1948年岡山県生まれ。72年共同通信社に入社。88年から91年までニューヨーク特派員、経済分野を取材し、編集委員を経て2010年に退社。現在は経済ジャーナリスト。著書は「ジャパンマネーの奔流―ニューヨーク・東京・ロンドンの24時間」(1987年、ダイヤモンド社)、「日本買い 外資は何を狙っているか」(2005年、PHP研究所)など。

渋谷ストリーム外観(東急電鉄提供)

 渋谷駅前の再開発に伴い駅周辺の新築オフィスビルの家賃が急騰している。米国のIT大手グーグルの日本法人グーグル・ジャパンが、9月13日にオープンした駅直結の複合施設「渋谷ストリーム(SHIBUYA STREAM)」に来年秋に入居することが決まってから、家賃の値上がりに拍車が掛かっている。渋谷駅周辺にはIT関連のベンチャー企業が多く集まっており、この地区にオフィスを構えることがベンチャー企業のファッションになっている。

新築で坪5万円

 渋谷駅前は数年前から東京急行電鉄が中心となって再開発がスタートし、新築ビルがいくつも竣工している。2012年に34階建ての「渋谷ヒカリエ」が開業、ディー・エヌ・エー(DeNA)がこの中に本社を移転した。その後、スタートアップしたIT関連企業が駅周辺に集まっていたが、グーグルの日本法人が引っ越してくることが明らかになった昨年11月以降からこの動きが加速している。

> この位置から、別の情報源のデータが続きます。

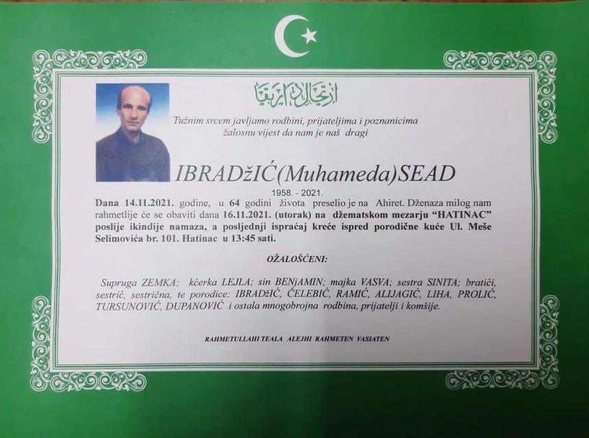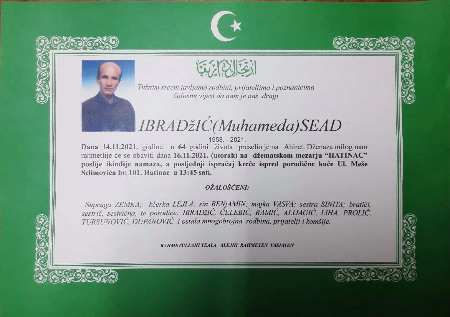 Tužnog srca i s bolom u duši obavještavamo rodbinu, komšije i prijatelje da je naš dragi Ibradžić (Muhameda) Sead dana 14.11.2021. u 64. godini života preselio na ahiret.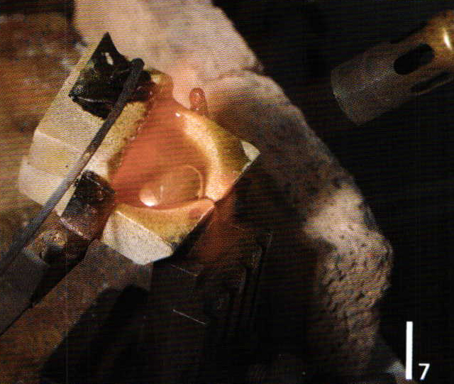 Therefore it is positioned in the crucible pincer, filled with borax powder, heated until the powder melts (Fig. 4 and 5) and panned. The gold and silver is now added to the crucible and covered with flux, borax dust (mixture of borax, potash and common salt) in order to avoid or minimize oxidation and to lower the melting point of the alloy somewhat. The flux is heated carefully, to avoid disruption with boiling over. (Fig. 6) The tongs hold the lid of the crucible in place, enabling the heat to develop quicker inside the crucible. A low-oxygen flame is used for melting in order to avoid oxidation. The copper is only added when the gold and silver have melted. The mold is heated at the same time as the melting of the metal, at least until the condensation on the mold is evaporated (Fig. 7) but not too hot. It is poured quickly to avoid the molten liquid from becoming rigid and to reduce contact with oxygen (Fig. 8). Pincers or a hammer may be used if the metal cannot be removed from the mold. Excess metal forms on the edges of the cast which can be clipped off and rounded off with a file (Fig. 9). The cast is then pickled, removing the hard flux slag. The cast is then best forged with a heavy hammer, rolled and annealed and quenched, thus the metal structure being homogenized (Fig. 10 and 11).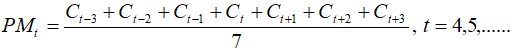 2.1. Calcular promedios móviles centrados de longitud 7 (una semana):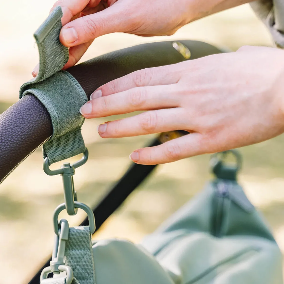 Ce sac de poussette Vert est un moyen pratique et élégant de garder vos affaires et celles de votre enfant organisées et facilement accessibles. Il se fixe sans effort à la poignée de la nacelle à l’aide des crochets pour poussette.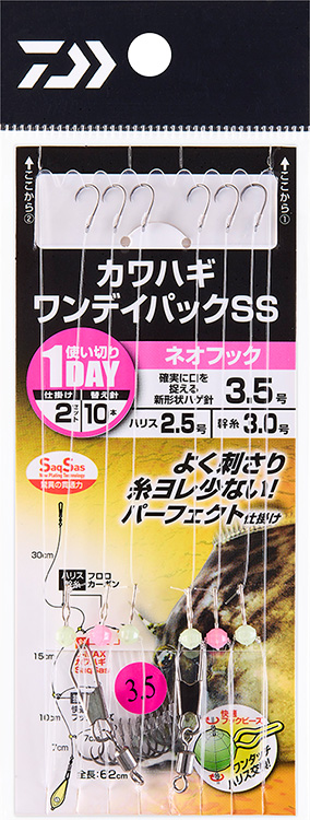 カワハギワンデイパック SS ネオフック 3.5 | サクサスフック搭載 | 2.5 | 3 | 2/10(仕掛け/替え針) | 62 | 1,130 | 4550133393228 |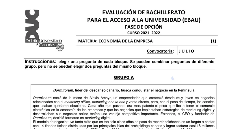 Reservar clase gratis →Examen de Economía de la Empresa selectividad Canarias (Extraordinaria 2022)

 この結果、新築ビルの賃料が上昇、平均でも月額賃料が坪3万円している。立地条件の良いオフィスはさらに高く、坪5万円以上もするところも出ているという。となると10坪(33平方メートル)の小さな部屋でも月額家賃が50万円もする計算になる。実際にはこれに共益費分が加算される。それでも渋谷駅周辺の新築ビルに入りたいというテナントもいるようで、不動産の専門家は「オフィスの家賃に『グーグル効果』が現れているのではないか。ベンチャー企業にとって家賃が高いのは負担になるが、この地域にオフィスを構えることがステイタスにつながると考えているようだ」とみている。

 東京のオフィス家賃に詳しい三鬼商事によると、ビジネスの盛んな都心5区(千代田、中央、港、新宿、渋谷)の8月の平均月額家賃は坪2万291円(新築は2万8772円、既存は2万42円)で、平均賃料は56カ月連続で上昇している。同月の平均空室率は2・45%で前月比より0.13㌽下がっており、1年前からほぼ一貫して下がり続けている。都心では再開発が盛んに行われているが、どの新築ビルも完成前にはほぼ埋まっている状況が続いている。